Effects of quercetin-conjugated with superparamagnetic iron oxide nanoparticles on learning and memory improvement through targeting microRNAs/NF-κB pathway

doi:10.1038/s41598-020-71678-4

. 2020 Sep 15;10(1):15070.

doi: 10.1038/s41598-020-71678-4.

Effects of quercetin-conjugated with superparamagnetic iron oxide nanoparticles on learning and memory improvement through targeting microRNAs/NF-κB pathway

Shiva Ebrahimpour¹, Abolghasem Esmaeili², Fariba Dehghanian¹, Siamak Beheshti³

Affiliations

¹ Department of Cell and Molecular Biology and Microbiology, Faculty of Biological Science and Technology, University of Isfahan, HezarJarib Street, 81746-73441, Isfahan, Iran.
² Department of Cell and Molecular Biology and Microbiology, Faculty of Biological Science and Technology, University of Isfahan, HezarJarib Street, 81746-73441, Isfahan, Iran. aesmaeili@sci.ui.ac.ir.
³ Department of Plant and Animal Biology, Faculty of Biological Science and Technology, University of Isfahan, HezarJarib Street, 81746-73441, Isfahan, Iran.

PMID: 32934245
PMCID: PMC7493930
DOI: 10.1038/s41598-020-71678-4

Effects of quercetin-conjugated with superparamagnetic iron oxide nanoparticles on learning and memory improvement through targeting microRNAs/NF-κB pathway

Shiva Ebrahimpour et al. Sci Rep. 2020.

. 2020 Sep 15;10(1):15070.

doi: 10.1038/s41598-020-71678-4.

Authors

Shiva Ebrahimpour¹, Abolghasem Esmaeili², Fariba Dehghanian¹, Siamak Beheshti³

Affiliations

¹ Department of Cell and Molecular Biology and Microbiology, Faculty of Biological Science and Technology, University of Isfahan, HezarJarib Street, 81746-73441, Isfahan, Iran.
² Department of Cell and Molecular Biology and Microbiology, Faculty of Biological Science and Technology, University of Isfahan, HezarJarib Street, 81746-73441, Isfahan, Iran. aesmaeili@sci.ui.ac.ir.
³ Department of Plant and Animal Biology, Faculty of Biological Science and Technology, University of Isfahan, HezarJarib Street, 81746-73441, Isfahan, Iran.

PMID: 32934245
PMCID: PMC7493930
DOI: 10.1038/s41598-020-71678-4

Abstract

Quercetin-conjugated superparamagnetic iron oxide nanoparticles (QCSPIONs) have an ameliorative effect on diabetes-induced memory impairment.
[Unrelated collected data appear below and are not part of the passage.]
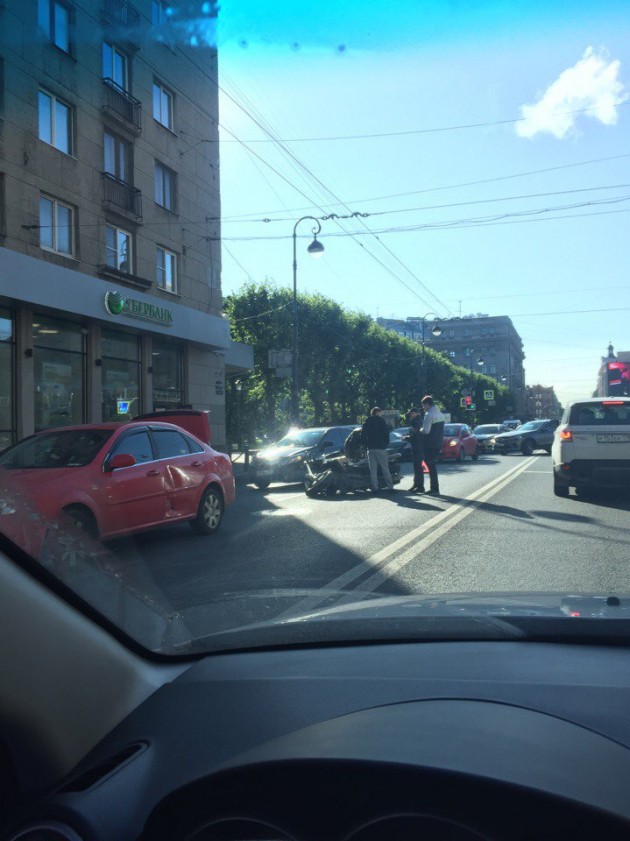 Примерно в 09:26. Мотоцикл и еще участники. Каменноостровский пр. 44, Санкт-Петербург. vk.com/spb_today?w=wall-68471405_7412818
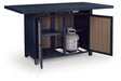Easy-breezy beauty, made to withstand the elements. This outdoor bar table with fire pit makes a serene statement with its soothing shade of blue and contrasting wood-look cabinets. An integrated fire pit in the top adds a perfectly cozy vibe. Crafted with durable materials for added longevity, it's a smartly stylish addition to your outdoor oasis.
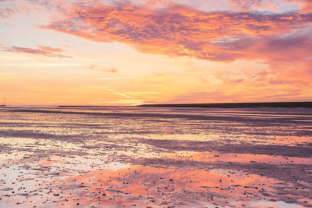 I had agreed with a photographer friend who often stays on the island to go out one evening together. Our idea was to photograph the sunset at the Wadden Sea. We had agreed to meet at the Veerhaven harbour and would then see what the destination on the mud flats would be. We cycled along the mud flats looking for a nice spot, it was low tide. While cycling, we saw thick clouds coming up from the North Sea side and it looked like it was going to close up completely, we were already afraid that the beautiful sunset wasn't going to happen. We decided to carry on anyway and by sunset we arrived in Hollum, fortunately it hadn't closed in. The sky was already starting to colour beautifully and we decided to walk onto the Wadden Sea (not useful if you've just got new shoes :) ).
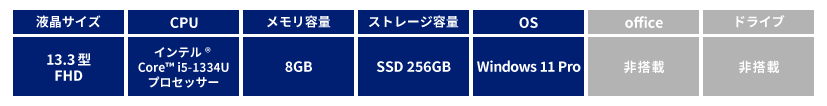 製品名 dynabook G83/LY 型番 A6G2LYL2121A JANコード 4571588102999 OS Windows 11 Pro 64ビット(24H2) CPU インテル® Core™ i5-1334U プロセッサー(最大周波数 Pコア:4.60GHz、Eコア:3.40GHz) ディスプレイサイズ 13.3型(1920×1080)FHD 高輝度・高色純度・広視野角(ノングレア) グラフィックス インテル® Iris Xe グラフィックス メモリ 8GB ストレージ 256GB SSD(PCIe、NVMe対応) 本体サイズ 306.0×210.0×17.9mm 質量 約875g 駆動時間 約7.5時間(動画再生時)/約21.0時間(アイドル時)(JEITAバッテリ動作時間測定法 Ver3.0)、約24.0時間(JEITAバッテリ動作時間測定法 Ver2.0) ペン入力 非対応 キーボード 86キー(JIS配列準拠)、キーピッチ:19mm、キーストローク:1.5mm 光学ドライブ なし Webカメラ 有効画素数 約92万画素(デュアルマイク付) 無線LAN Wi-Fi 6E(IEEE802.11ax)(2.4Gbps)+IEEE802.11ac/a/b/g/n Bluetooth® Bluetooth®(Ver5.3) 通信 1000Base-T/100Base-TX/10Base-T ワイヤレスWAN 非対応 セキュリティチップ TPM(TCG Ver2.0準拠) 指紋認証 非対応 ディスプレイ出力 HDMI×1 USBポート数 Type-A×2、Type-C×2 保証期間 1年保証(引き取り修理・海外保証(制限付)1年) Office なし リカバリ リカバリーイメージをSSD内に格納(Windows 11 Pro)
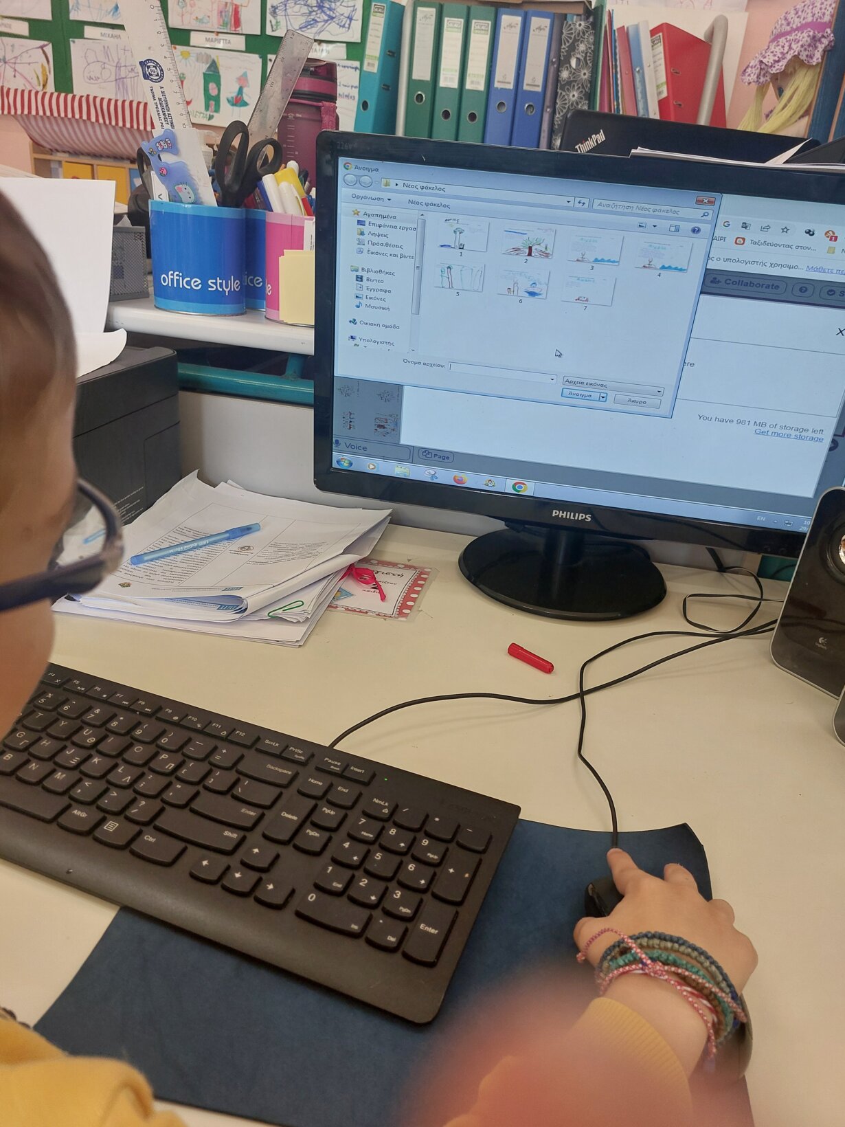 Στην συνέχεια τα παιδιά χωρισμένα σε δύο ομάδες, η μία στο φορητό υπολογιστή και η άλλη στο σταθερό υπολογιστή του σχολείου, αναζήτησαν στο διαδίκτυο εικόνες, η μία με φυλλοβόλα και η άλλη με αειθαλή δέντρα.

The current study aimed to compare the effect of quercetin (QC) and QCSPIONs on inflammation-related microRNAs and NF-κB signaling pathways in the hippocampus of diabetic rats. The expression levels of miR-146a, miR-9, NF-κB, and NF-κB-related downstream genes, including TNF-α, BACE1, AβPP, Bax, and Bcl-2 were measured using quantitative real-time PCR. To determine the NF-κB activity, immunohistochemical expression of NF-κB/p65 phosphorylation was employed. Computer simulated docking analysis also performed to find the QC target proteins involved in the NF-κB pathway. Results indicate that diabetes significantly upregulated the expression levels of miR-146a, miR-9, TNF-α, NF-κB, and subsequently AβPP, BACE1, and Bax. Expression analysis shows that QCSPIONs are more effective than pure QC in reducing the expression of miR-9. Interestingly, QCSPIONs reduce the pathological activity of NF-κB and subsequently normalize BACE1, AβPP, and the ratio of Bax/Bcl-2 expression better than pure QC. Comparative docking analyses also show the stronger binding affinity of QC to IKK and BACE1 proteins compared to specific inhibitors of each protein. In conclusion, our study suggests the potent efficacy of QCSPIONs as a promising drug delivery system in memory improvement through targeting the NF-κB pathway.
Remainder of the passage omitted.